### WHAT TO PRODUCE:
Please copy the entries below word for word, leaving out any image.

====== RECORDS SUPPLIED ======

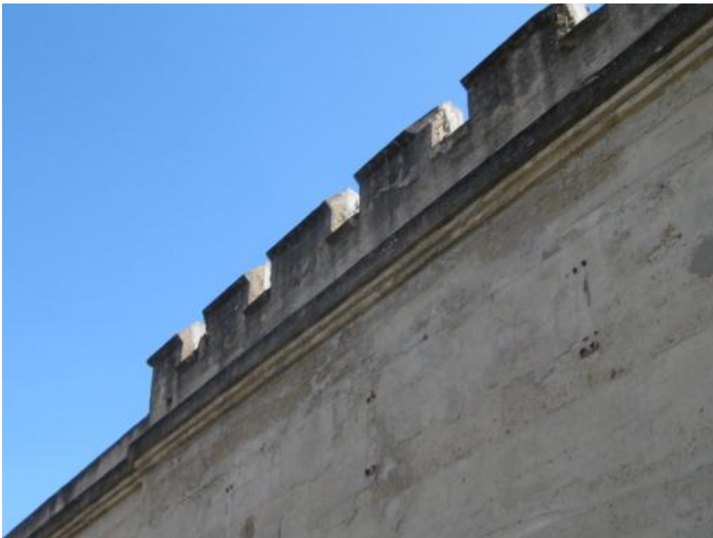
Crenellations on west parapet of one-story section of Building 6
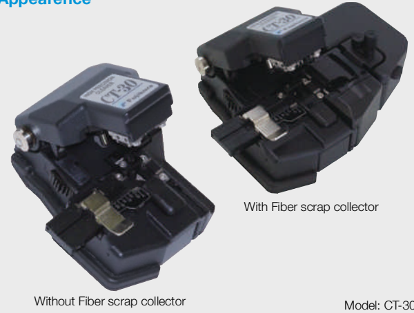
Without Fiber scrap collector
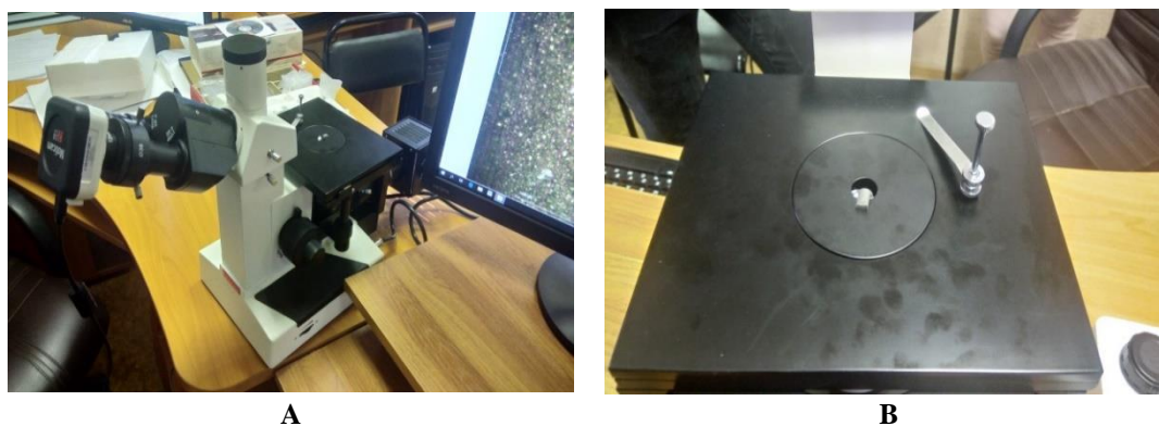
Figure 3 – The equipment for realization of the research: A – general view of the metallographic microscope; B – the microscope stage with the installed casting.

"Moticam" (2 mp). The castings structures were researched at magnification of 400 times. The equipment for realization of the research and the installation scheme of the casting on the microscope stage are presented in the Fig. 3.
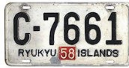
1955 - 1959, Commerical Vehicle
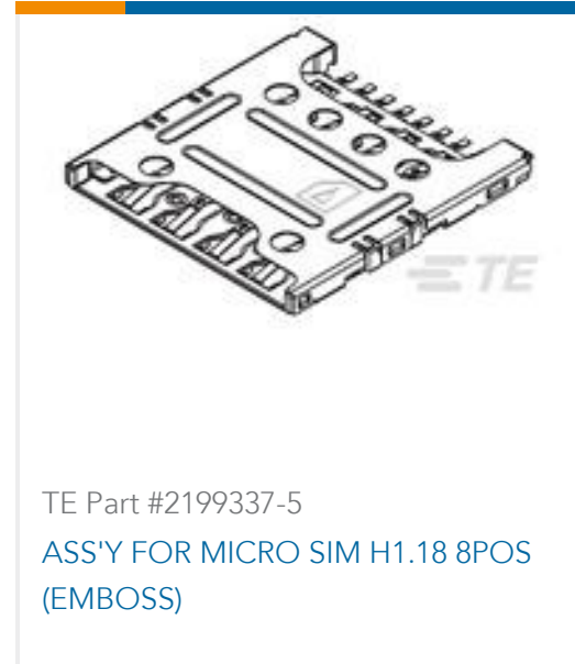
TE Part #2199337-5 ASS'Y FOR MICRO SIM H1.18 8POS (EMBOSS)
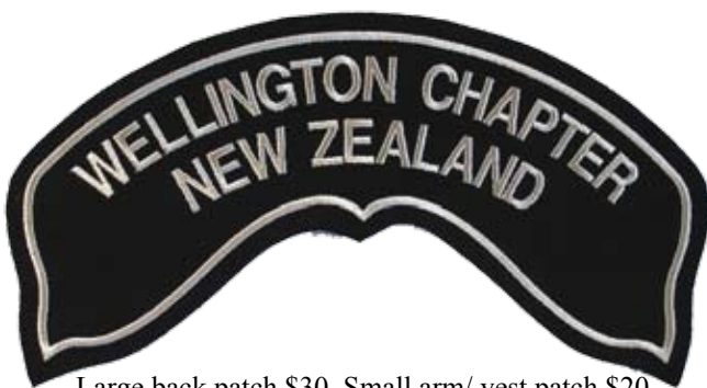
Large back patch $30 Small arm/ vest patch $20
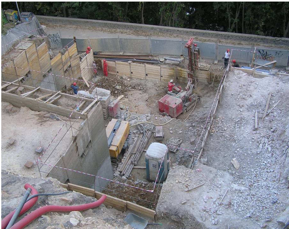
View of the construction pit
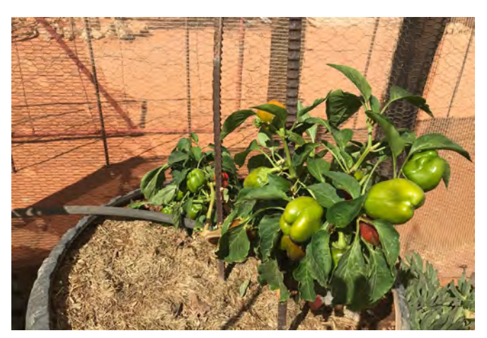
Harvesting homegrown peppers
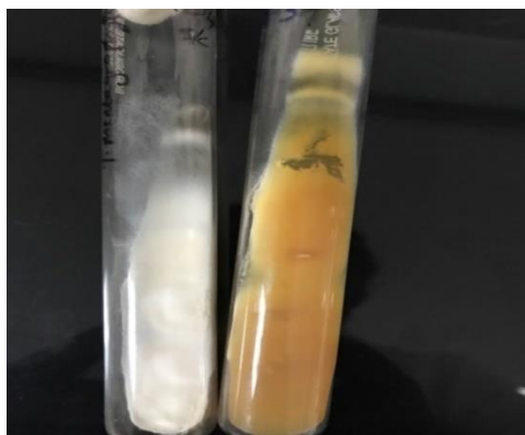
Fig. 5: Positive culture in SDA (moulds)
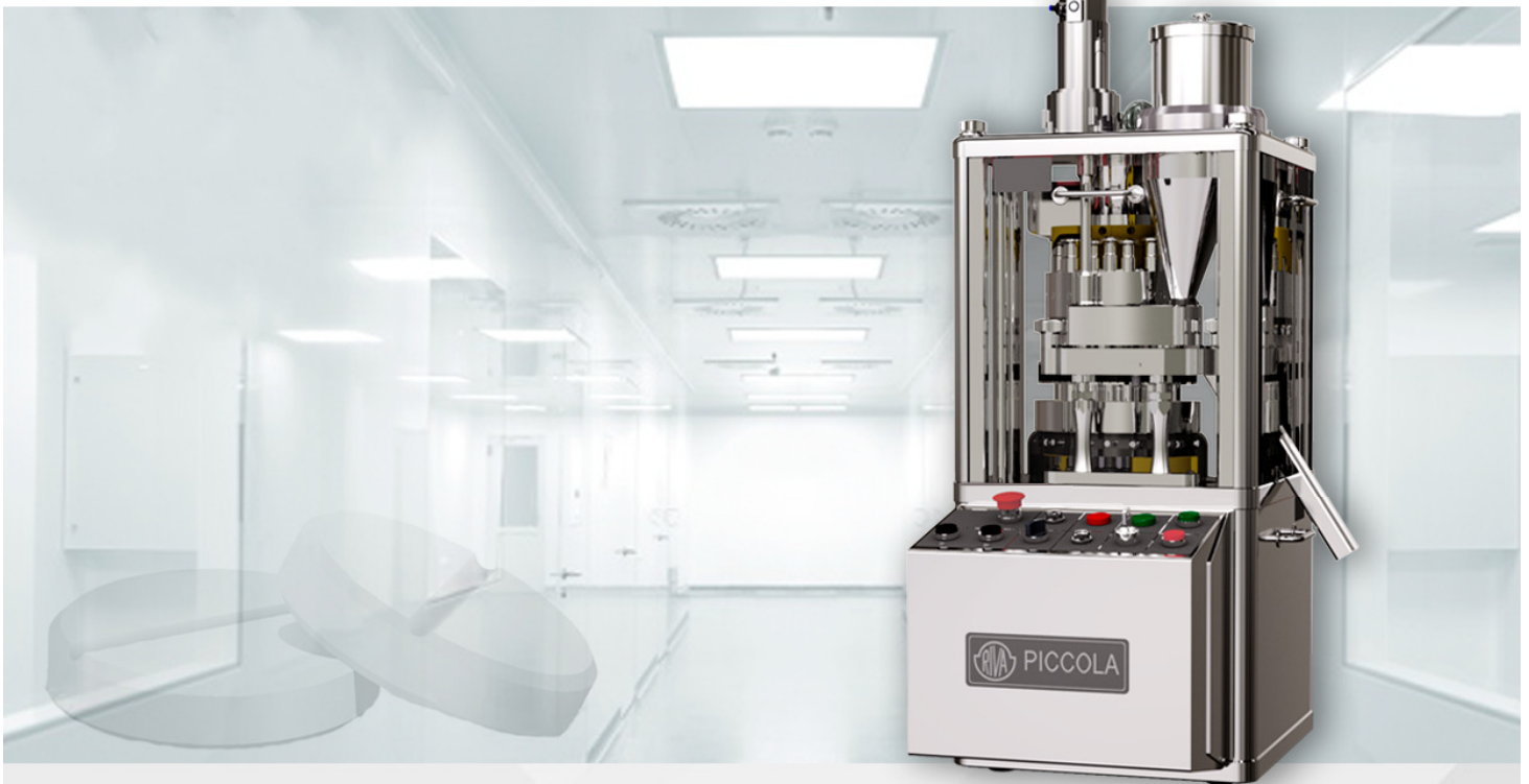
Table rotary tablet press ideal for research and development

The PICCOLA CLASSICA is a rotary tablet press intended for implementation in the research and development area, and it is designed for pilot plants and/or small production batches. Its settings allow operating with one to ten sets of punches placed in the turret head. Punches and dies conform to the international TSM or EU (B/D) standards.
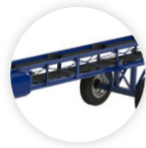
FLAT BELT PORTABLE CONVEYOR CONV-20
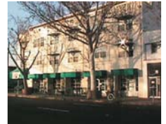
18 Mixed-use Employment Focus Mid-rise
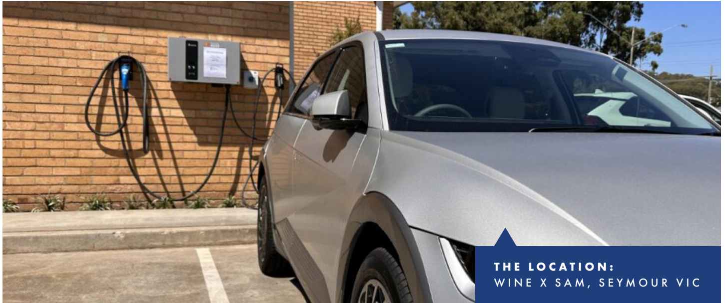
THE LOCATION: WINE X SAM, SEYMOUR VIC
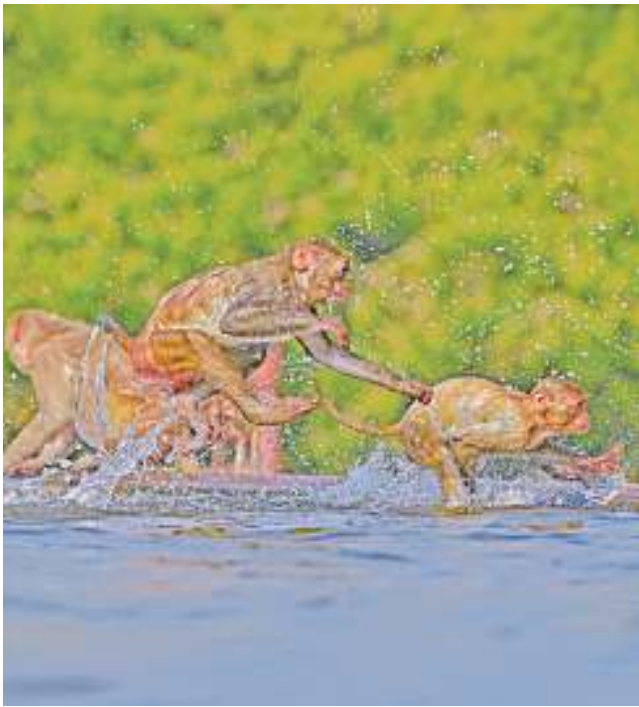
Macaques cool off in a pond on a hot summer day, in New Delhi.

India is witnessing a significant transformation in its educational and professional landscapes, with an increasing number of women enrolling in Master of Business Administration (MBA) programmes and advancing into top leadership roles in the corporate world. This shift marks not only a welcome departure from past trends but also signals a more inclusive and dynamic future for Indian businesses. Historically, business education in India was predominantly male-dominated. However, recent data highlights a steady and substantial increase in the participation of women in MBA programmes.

======

### EXERCISE RESPONSE:
Crenellations on west parapet of one-story section of Building 6
Without Fiber scrap collector
Figure 3 – The equipment for realization of the research: A – general view of the metallographic microscope; B – the microscope stage with the installed casting.

"Moticam" (2 mp). The castings structures were researched at magnification of 400 times. The equipment for realization of the research and the installation scheme of the casting on the microscope stage are presented in the Fig. 3.
1955 - 1959, Commerical Vehicle
TE Part #2199337-5 ASS'Y FOR MICRO SIM H1.18 8POS (EMBOSS)
Large back patch $30 Small arm/ vest patch $20
View of the construction pit
Harvesting homegrown peppers
Fig. 5: Positive culture in SDA (moulds)
Table rotary tablet press ideal for research and development

The PICCOLA CLASSICA is a rotary tablet press intended for implementation in the research and development area, and it is designed for pilot plants and/or small production batches. Its settings allow operating with one to ten sets of punches placed in the turret head. Punches and dies conform to the international TSM or EU (B/D) standards.
FLAT BELT PORTABLE CONVEYOR CONV-20
18 Mixed-use Employment Focus Mid-rise
THE LOCATION: WINE X SAM, SEYMOUR VIC
Macaques cool off in a pond on a hot summer day, in New Delhi.

India is witnessing a significant transformation in its educational and professional landscapes, with an increasing number of women enrolling in Master of Business Administration (MBA) programmes and advancing into top leadership roles in the corporate world. This shift marks not only a welcome departure from past trends but also signals a more inclusive and dynamic future for Indian businesses. Historically, business education in India was predominantly male-dominated. However, recent data highlights a steady and substantial increase in the participation of women in MBA programmes.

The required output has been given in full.